The excessive focus on elections is a statement of political reality. For the NATO force, and especially the US, elections are a means of validating - and then terminating - the international mission. The return of those displaced offers no similarly clear means of declaring victory. Even in the best of circumstances, it will be a long, drawn-out process. Dramatic victories will be few. The UN High Commissioner for Refugees is currently supporting bus trips of prospective returnees across the Federation-Republika Srpska boundary in order to keep some momentum alive. Officials within UNHCR do acknowledge that these are but interim steps and offer no quick or easy solution.

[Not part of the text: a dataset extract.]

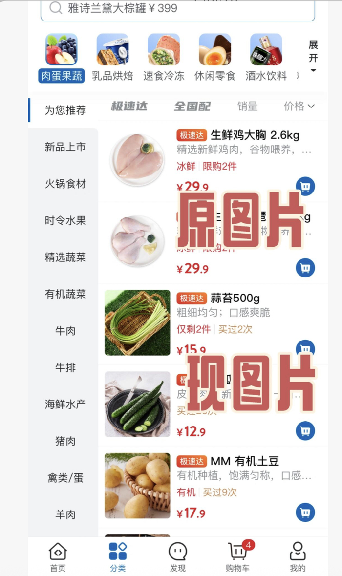付费会员发现,他们失去了曾经引以为傲的“一目了然”的选购效率。原本凭借清晰“证件照”就能迅速判断的肉品纹理、肥瘦比例和包装大小,现在必须逐个点开详情页,在美化过的“成品图”中艰难分辨。有用户提到,尚未改动的猪肉商品区,因“靠图片一眼能刷到自己要买的东西”受到欢迎。

The inevitable conclusion is that a prolonged international presence is essential for multiethnicity to remain a possibility. Only the continuance of peace and passage of time will give people the confidence and ability to return to homes in areas where they are not in the majority. Today's political climate in Bosnia gives no indication that the elections will encourage ethnic tolerance; we will be fortunate if they do not too grievously injure it.

Meanwhile, the real work of creating a multiethnic Bosnia - ensuring that people can eventually return to their homes - will continue.

David Bosco is head of the American Refugee Committee's Sarajevo office. The views expressed here do not necessarily reflect those of the organization.